Our aim is to choose a relatively sparse model that fits the data. Start with forward selection: for each of the \(L\) functional annotations of SNPs, fit a model including (i) a region-level parameter for regions in the top third of the distirbution of gene density (ii) a region-level parameter for regions in the bottom third of the distirbution of gene density (iii) a SNP-level parameter for SNPs from 0-5 kb from a TSS (iv) a SNP-level parameter for SNPs from 5-10 kb from a TSS (v) a SNP-level parameter for the annotation in question.

We now have \(L\) models and calculate the likeihood (equation 6) for each.

Add the annotation that most significantly improves the likelihood to the model –> model 1a.
Test model 1a plus each annotation identified as having a significant marginal effect.
Go back to step 1 if any annotation remains significant.

I.e. we add the SNP annotation that significantly improves the likelihood at each round.

Using the model found above, tune the penalty parameter \(p\) by finding the value of \(p\) that maximises the cross-validation likelihood (equation 9). Cross-validation is then also used to see if any terms can be removed from the model.

Drop each annotation from the model (including (i)-(iv)) in turn and evaluate the cross-validation likelihood.
Drop the annotation from the model and return to step 1 if a simpler model has a higher cross-validation likelihood han the full model.
Report the model that has the highest cross-validation likelihood. This is the (nearly) final model.

I.e. we keep removing terms one-by-one until the cross-validation likelihood doesn’t improve anymore.

5. Conditional analysis to find interchangeable annotations

Many genomic annotations are correlated and it is possible that these correlated annotations will appear in the model together. It is therefore useful to know which annotations are related and can be used interchangably in the model. After the (nearly) final model is found by following the steps above, for each of the annotations in this model, the other annotations are taken in turn and tested whether the included annotation was significantly more informative than the nonincluded annotation (by fixing the estimates at their maximum-likelihood value and calculating the MLE of the ttested parameter conditional on the fixed values - if the CI does not overlap 0, then this is evidence that the second annotation adds more information to the model than does the first annotation).

Reweighting GWAS

Once the model has been fitted, we have empirical estimates of

\(\Pi_k\): The prior probability that region \(k\) contains a causal SNP associated with the trait.
\(\pi_{ik}\): The prior probability that SNP \(i\) is the causal SNP, given that region \(k\) contains a causal SNP.

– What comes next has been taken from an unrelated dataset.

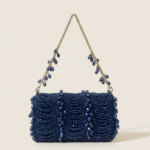 A chic embellished flap bag featuring intricate crystal work and a beautifully detailed handle. Elegant, versatile, and ideal for both day and evening wear.
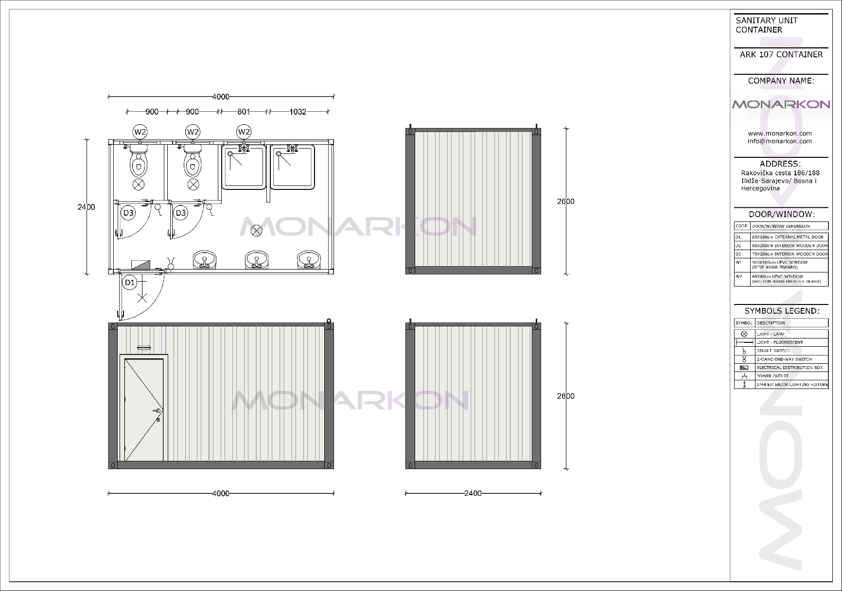 Kao i svi Monarkon proizvodi, ARK 107 izrađen je od kvalitetnih materijala otpornih na vlagu i mehanička oštećenja, uz vrhunsku termoizolaciju zahvaljujući sendvič panelima debljine 60 mm. Modularna konstrukcija omogućava brzu montažu bez zavarivanja, što olakšava postavljanje i premještanje.

The model tells us which annotations are enriched with genetic variants influencing the trait. “A convenient side effect of fitting an explicit statistical model relating properties of SNPs to the probability of association is that the functional informattion can be used for reweighting the GWAS.”

Similarly to Maller et al., we define a region level BF as the weighted sum of the per-SNP BFs. The BF for region \(k\), that measures the evidence of association in the region is,

\[\begin{equation} \tag{10} BF_k^R=\sum_{i \in S_k} \hat\pi_{ik}BF_i. \end{equation}\]

The PP that region \(k\) contains an association is then,

\[\begin{equation} \tag{11} PPA_k^R = \dfrac{\hat\Pi_k BF_k^R/(1-\hat\Pi_k)}{1 + \hat\Pi_k BF_k^R/(1-\hat\Pi_k)}. \end{equation}\]

We can also find the PP that any given SNP \(i\) in region \(k\) is the causal one by using Maller et al’s general framework but also allowing the prior probabilities to vary across SNPs.

\[\begin{equation} \tag{12} PPA_{ik} = \dfrac{\hat\pi_{ik} BF_i}{\sum_{j \in S_k\hat\pi_{jk} BF_j}}. \end{equation}\]

Comments

Pickrell has deposited the functional annotation data for 1000 genomes variants on github. For example, this is a dataframe of dimension 3007196 (positions/SNPs) *454 (annotations).

x <- fread("chr1.annot.wdist.wcoding.gz")
x[1:5,1:5]

“The block size is chosen to be much larger than the extrend of LD in the population”. Why is this when we are only assuming a single CV?
\(\kappa\) in equation (3).
Articles that cite fgwas state that it is mainly useful for high power associations and reweighting GWAS.